Required work:
Return exactly the lines of the records below, starting at the line that contains "- 定制AI芯片(XPU)业" and ending at the line that contains "Cartão de Natal", with both of those lines kept.

Supplied records:
********************
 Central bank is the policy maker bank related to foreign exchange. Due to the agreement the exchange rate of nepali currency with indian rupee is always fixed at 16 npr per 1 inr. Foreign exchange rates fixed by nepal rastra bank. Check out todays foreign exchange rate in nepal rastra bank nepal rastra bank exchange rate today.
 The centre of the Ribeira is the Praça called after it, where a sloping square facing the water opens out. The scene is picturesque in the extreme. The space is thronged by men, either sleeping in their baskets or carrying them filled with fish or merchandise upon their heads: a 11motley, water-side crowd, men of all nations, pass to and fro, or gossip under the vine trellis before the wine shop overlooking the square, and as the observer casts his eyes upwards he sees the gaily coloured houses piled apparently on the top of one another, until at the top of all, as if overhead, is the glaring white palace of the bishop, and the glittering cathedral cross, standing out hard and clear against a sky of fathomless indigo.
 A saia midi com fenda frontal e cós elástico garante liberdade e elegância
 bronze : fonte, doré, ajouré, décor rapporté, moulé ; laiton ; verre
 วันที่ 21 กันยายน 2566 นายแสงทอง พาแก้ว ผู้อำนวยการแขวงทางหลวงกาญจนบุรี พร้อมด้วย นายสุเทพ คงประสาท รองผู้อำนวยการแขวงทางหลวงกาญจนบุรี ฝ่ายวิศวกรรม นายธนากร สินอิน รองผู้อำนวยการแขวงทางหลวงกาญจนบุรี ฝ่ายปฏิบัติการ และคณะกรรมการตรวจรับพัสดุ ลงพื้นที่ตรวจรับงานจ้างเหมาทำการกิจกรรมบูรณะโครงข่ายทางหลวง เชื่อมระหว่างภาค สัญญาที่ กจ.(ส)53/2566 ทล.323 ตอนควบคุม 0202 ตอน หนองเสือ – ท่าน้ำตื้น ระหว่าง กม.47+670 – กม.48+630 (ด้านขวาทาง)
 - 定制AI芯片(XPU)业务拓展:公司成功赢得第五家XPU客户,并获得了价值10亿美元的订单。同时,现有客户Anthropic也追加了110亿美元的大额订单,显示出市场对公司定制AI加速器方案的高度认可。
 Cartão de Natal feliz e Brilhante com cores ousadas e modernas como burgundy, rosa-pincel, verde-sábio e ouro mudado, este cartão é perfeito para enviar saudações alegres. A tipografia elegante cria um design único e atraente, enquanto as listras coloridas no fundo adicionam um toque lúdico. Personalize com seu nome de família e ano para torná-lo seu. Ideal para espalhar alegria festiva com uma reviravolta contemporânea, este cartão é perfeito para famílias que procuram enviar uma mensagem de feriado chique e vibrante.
********************
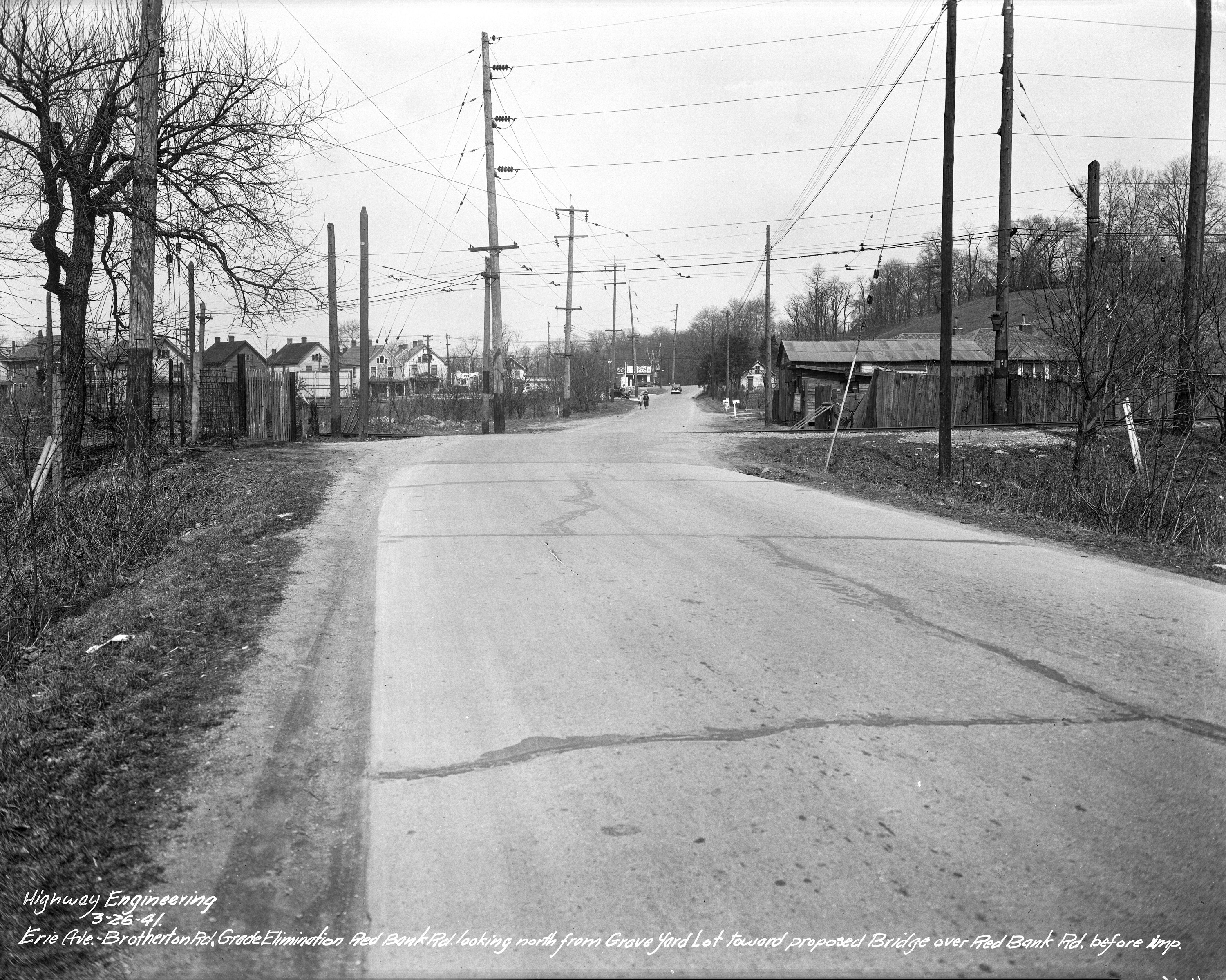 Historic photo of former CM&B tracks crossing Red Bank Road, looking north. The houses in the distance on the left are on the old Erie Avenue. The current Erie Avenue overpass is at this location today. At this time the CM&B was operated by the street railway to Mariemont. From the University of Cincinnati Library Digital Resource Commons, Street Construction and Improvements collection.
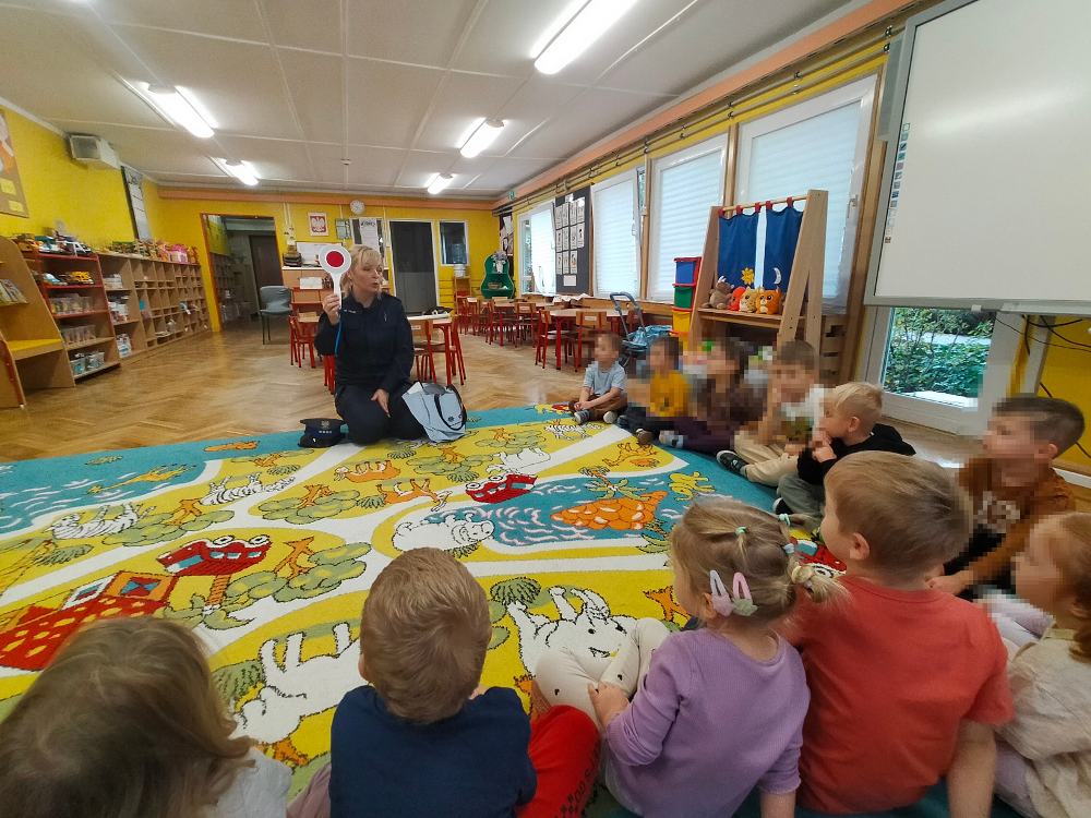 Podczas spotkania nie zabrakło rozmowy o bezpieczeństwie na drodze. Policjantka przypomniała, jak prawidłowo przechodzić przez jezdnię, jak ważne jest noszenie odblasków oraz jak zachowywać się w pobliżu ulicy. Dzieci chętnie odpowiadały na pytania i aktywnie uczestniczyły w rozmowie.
********************
Response for this exercise:
 - 定制AI芯片(XPU)业务拓展:公司成功赢得第五家XPU客户,并获得了价值10亿美元的订单。同时,现有客户Anthropic也追加了110亿美元的大额订单,显示出市场对公司定制AI加速器方案的高度认可。
 Cartão de Natal feliz e Brilhante com cores ousadas e modernas como burgundy, rosa-pincel, verde-sábio e ouro mudado, este cartão é perfeito para enviar saudações alegres. A tipografia elegante cria um design único e atraente, enquanto as listras coloridas no fundo adicionam um toque lúdico. Personalize com seu nome de família e ano para torná-lo seu. Ideal para espalhar alegria festiva com uma reviravolta contemporânea, este cartão é perfeito para famílias que procuram enviar uma mensagem de feriado chique e vibrante.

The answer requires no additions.